Problem details ::
Lines outside the range are not wanted. Give again exactly the lines between the line holding "- Zhang, L.;" and the line holding "Пока предприятие готово", inclusive, from the listing below.

Exercise material ::
- Opening Delimiter -
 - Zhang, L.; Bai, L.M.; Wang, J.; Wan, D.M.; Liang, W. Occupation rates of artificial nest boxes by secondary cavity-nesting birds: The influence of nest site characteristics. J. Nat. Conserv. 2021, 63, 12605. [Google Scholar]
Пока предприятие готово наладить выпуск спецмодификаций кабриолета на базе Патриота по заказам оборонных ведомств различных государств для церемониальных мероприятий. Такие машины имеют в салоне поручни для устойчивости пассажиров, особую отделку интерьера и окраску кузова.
- Closing Delimiter -
- Opening Delimiter -
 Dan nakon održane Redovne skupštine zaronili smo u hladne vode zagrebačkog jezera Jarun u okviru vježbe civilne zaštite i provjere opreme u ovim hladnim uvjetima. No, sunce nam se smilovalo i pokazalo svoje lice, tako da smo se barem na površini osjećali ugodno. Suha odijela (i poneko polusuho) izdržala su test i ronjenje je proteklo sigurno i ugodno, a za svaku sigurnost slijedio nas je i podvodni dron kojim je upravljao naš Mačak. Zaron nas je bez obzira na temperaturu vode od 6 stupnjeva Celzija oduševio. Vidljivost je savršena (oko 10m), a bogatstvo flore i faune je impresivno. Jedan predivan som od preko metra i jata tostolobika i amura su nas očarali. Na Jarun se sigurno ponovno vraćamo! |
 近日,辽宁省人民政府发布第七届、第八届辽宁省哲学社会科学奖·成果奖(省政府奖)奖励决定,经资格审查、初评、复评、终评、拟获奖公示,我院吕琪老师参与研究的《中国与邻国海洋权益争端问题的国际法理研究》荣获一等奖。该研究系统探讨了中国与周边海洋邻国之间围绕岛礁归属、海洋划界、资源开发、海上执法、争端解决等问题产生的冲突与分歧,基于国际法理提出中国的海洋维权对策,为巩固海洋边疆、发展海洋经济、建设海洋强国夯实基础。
- Closing Delimiter -
Written answer ::
 - Zhang, L.; Bai, L.M.; Wang, J.; Wan, D.M.; Liang, W. Occupation rates of artificial nest boxes by secondary cavity-nesting birds: The influence of nest site characteristics. J. Nat. Conserv. 2021, 63, 12605. [Google Scholar]
Пока предприятие готово наладить выпуск спецмодификаций кабриолета на базе Патриота по заказам оборонных ведомств различных государств для церемониальных мероприятий. Такие машины имеют в салоне поручни для устойчивости пассажиров, особую отделку интерьера и окраску кузова.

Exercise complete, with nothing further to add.